If you don't know the prototype beforehand then I guess you need to implement some sort of protocol with the DLL where you can enumerate any function names and their parameters by calling known functions in the DLL. Of course, the DLL needs to be written to comply with this protocol.
If it's a __stdcall function and they've left the name mangling intact (both big ifs, but certainly possible nonetheless) the name will have #nn at the end, where nn is a number. That number is the number of bytes the function expects as arguments, and will clear off the stack before it returns.
So, if it's a major concern, you can look at the raw name of the function and check that the amount of data you're putting onto the stack matches the amount of data it's going to clear off the stack.
Note that this is still only a protection against Murphy, not Machiavelli. When you're creating a DLL, you can use an export file to change the names of functions. This is frequently used to strip off the name mangling -- but I'm pretty sure it would also let you rename a function from xxx#12 to xxx#16 (or whatever) to mislead the reader about the parameters it expects.
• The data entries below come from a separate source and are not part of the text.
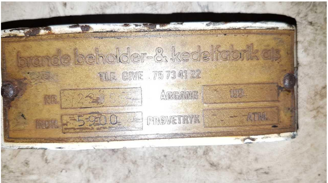
Tankplade på dieseltank fra 1994.
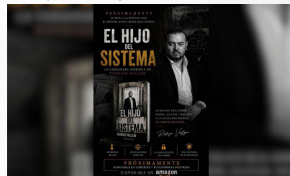
El Gerber cuenta su historia

Mientras tanto, en Las Trojes varios coincidían en algo: en Michoacán, el pasado político nunca permanece totalmente enterrado. Tarde o temprano siempre vuelve a sentarse a la
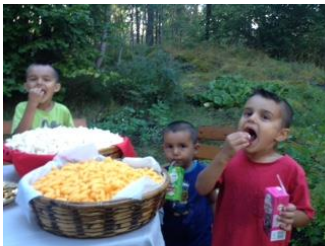
Åååh va' gott med PopCorn och Ostbågar ...

Priser delades ut till de många duktiga mjölkämparna som kom med sina hittade Sk'dunker.

Edit: (primarily in reply to msalters's comment): it's true that you can't apply __stdcall to something like a member function, but you can certainly use it on things like global functions, whether they're written in C or C++.
For things like member functions, the exported name of the function will be mangled. In that case, you can use UndecorateSymbolName to get its full signature. Using that is somewhat nontrivial, but not outrageously complex either.
I do not think so, it is a good question, the only provision is that you MUST know what the parameters are for the function pointer to work, if you don't and blindly stuff the parameters and call it, it will crash or jump off into the woods never to be seen again... It is up to the programmer to convey the message on what the function expects and the type of parameters, luckily you could disassemble it and find out from looking at the stack pointer and expected address by way of the 'stack pointer' (sp) to find out the type of parameters.
Using PE Explorer for instance, you can find out what functions are used and examine the disassembly dump...
Hope this helps,
Best regards,
Tom.
It will either crash in the DLL code (since it got passed corrupt data), or: I think Visual C++ adds code in debug builds to detect this type of problem. It will say something like: "The value of ESP was not saved across a function call", and will point to code near the call. It helps but isn't totally robust - I don't think it'll stop you passing in the wrong but same-sized argument (eg. int instead of a char* parameter on x86). As other answers say, you just have to know, really.
There is no general answer. The Standard mandates that certain exceptions be thrown in certain circumstances, but aside from that describes how a conforming program will be executed, and sometimes says that certain violations must result in a diagnostic. (There may be something more specific here or there, but I certainly don't remember one.)
What the code is doing there isn't according to the Standard, and since there is a cast the compiler is entitled to go ahead and do whatever stupid thing the programmer wants without complaint. This would therefore be an implementation issue.
You could check your implementation documentation, but it's probably not there either. You could experiment, or study how function calls are done on your implementation.
Unfortunately, the answer is very likely to be that it'll screw something up without being immediately obvious.
Generally if you are calling LoadLibrary and GetProcByAddrees you have documentation that tells you the prototype. Even more commonly like with all of the windows.dll you are provided a header file. While this will cause an error if wrong its usually very easy to observe and not the kind of error that will sneak into production.
Most C/C++ compilers have the caller set up the stack before the call, and readjust the stack pointer afterwards. If the called function does not use pointer or reference arguments, there will be no memory corruption, although the results will be worthless. And as rerun says, pointer/reference mistakes almost always show up with a modicum of testing.